MINERAL EXPLORATION UNDER DEEP COVER


WILLIAMS, Neil, School of Earth and Environmental Sciences, University of Wollongong, University of Wollongong, Wollongong, 2522, Australia, neilw@uow.edu.au

To resource future generations, new mineral deposits must be found to replace deposits currently being mined, and to meet anticipated increases in the global consumption rates of many mineral commodities. Throughout the 20th century there has been a growing trend in the discovery of buried deposits (generally within a few hundred meters of the surface), and the trend is predicted to grow as the stock of near-surface mineral deposits further diminishes.

Finding deep mineral deposits is difficult, and the exploration methods used to find new deposits at or near the surface will not all be useful for discovering deposits under deep cover. What is required are: better tools and techniques to accurately describe the geology of the Earth’s crust in four dimensions (the three dimensions of space plus time); new and improved targeting models to guide ground selection; new insights into the geophysical characteristics of mineral systems and mineral deposits; more powerful geophysical exploration tools to directly detect possible mineralization of a wide variety of types at depth; and more cost effective drilling technologies to test for deep mineralization.
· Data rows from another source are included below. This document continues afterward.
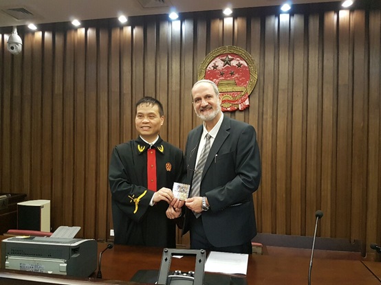 בסיום הדיונים נפגשתי עם השופט מחוץ לאולם וביקשתי להודות לו. בנוסף הענקתי לו מזכרת מישראל מעשה ידיה של אשתי. הסתבר שאני הייתי הזר הראשון שביקר אי פעם בבית משפט זה. השופט היה מאוד אדיב אך חשש לקבל מתנה ושלח את העוזרת המשפטית שלו לשאול את מנהל בית המשפט (שבסין נקרא "קצין בית המשפט") האם מותר לו לקבל מתנה וכשקיבל אישור לכך שמח מאוד. ביקשתי להצטלם איתו ושוב הוא היה נבוך ולא ידע מה לעשות. שוב שלח את העוזרת המשפטית לשאול את קצין בית המשפט, ומשנענה בחיוב לא הפסיק להצטלם עימי בכל מקום בבית המשפט ומחוצה לו.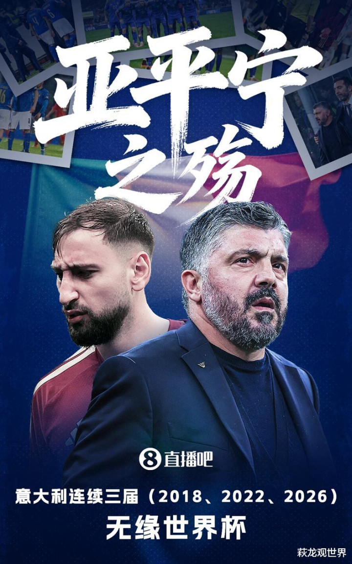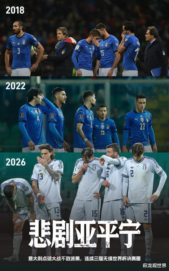 与其说意大利队还是没原谅世界杯,不如说意大利队被别人用自己最擅长的方式给淘汰了。这是命吗?如果是弱队,可以说这就是命了,比如国足在世预赛亚洲区冲击,各种受挫。中国球迷自嘲:“意大利队连续三届缺席世界杯,我们已经连续六次缺席世界杯了!”
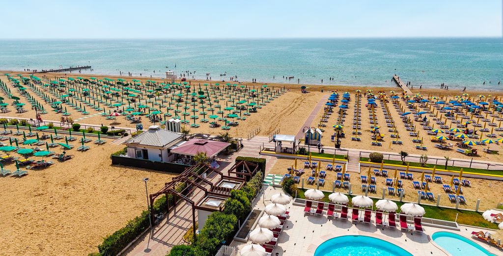 Immerso nella suggestiva pineta di Jesolo, questo hotel 4 stelle vanta un giardino che confina direttamente con la spiaggia, offrendo un accesso privilegiato al mare in un contesto naturale. Le due piscine esterne e la vasca idromassaggio garantiscono momenti di puro relax, mentre il servizio spiaggia incluso in molte offerte rappresenta un valore aggiunto significativo. Perfetto per famiglie con bambini e per chi desidera unire mare e natura.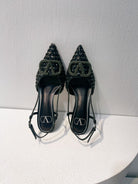 VT High Heeled Slingbacks Black Sheepskin 292799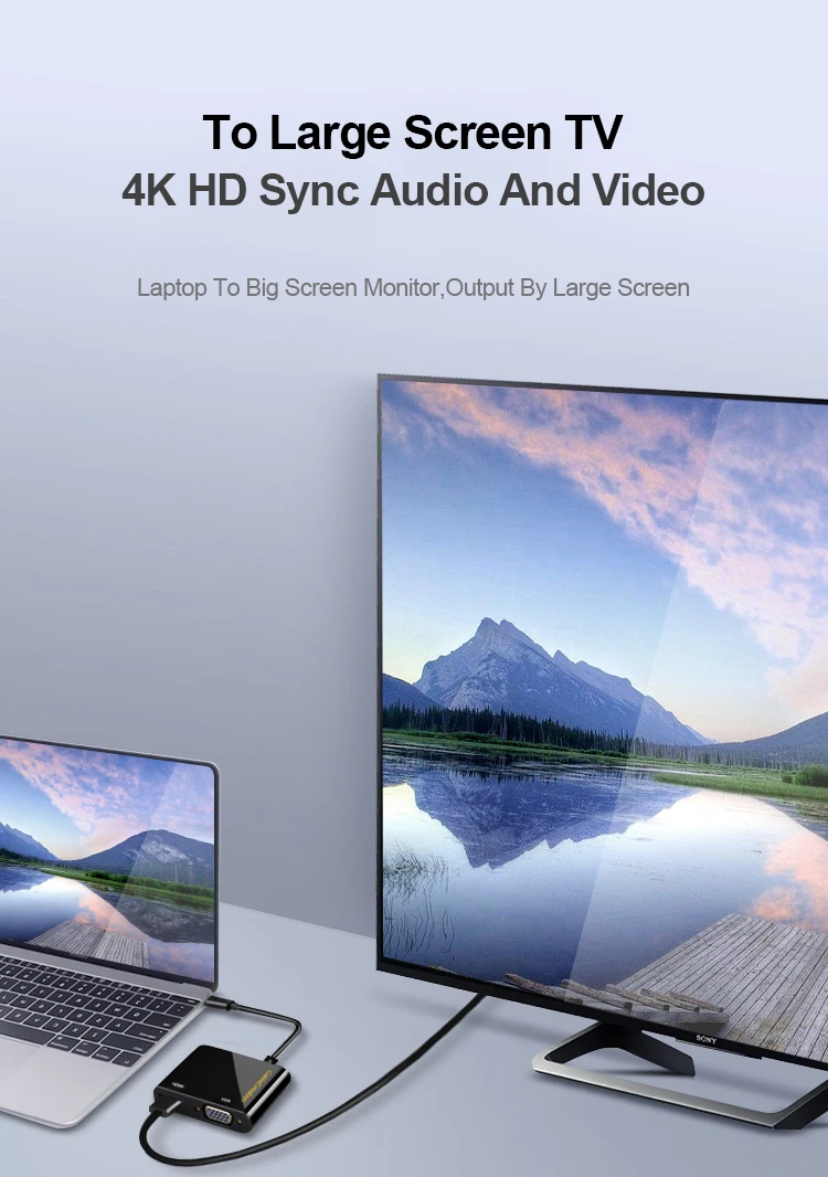 Он позволяет передавать сигналы от источника Type-C на HD или VGA дисплей высокой четкости (Телевизор, проекторы, монитор и т. Д.). Он может работать на Macbook Pro,Macbook Air 2018,Dell XPS 13/15, Google new Chromebook Pixel и других поддерживаемых USB-C устройствах. С этим адаптером вы можете наслаждаться лучшим визуальным праздником с семьей.

Good progress is being made to overcome some of these challenges, but more needs to be done. For example, current ore deposit models are useful in identifying prospective terrains at a regional scale, but are of little use in predicting the location of deposits at the local scale. A new generation of predictive targeting models is needed, based as much on the geophysical characteristics of ore types and their host rocks as on the ore-type mineralogy and chemistry emphasised in current deposit models.

The discovery in 1975 of the giant iron oxide copper-gold mineral system at Olympic Dam, South Australia will be used to illustrate the likely future directions and challenges of deep undercover exploration.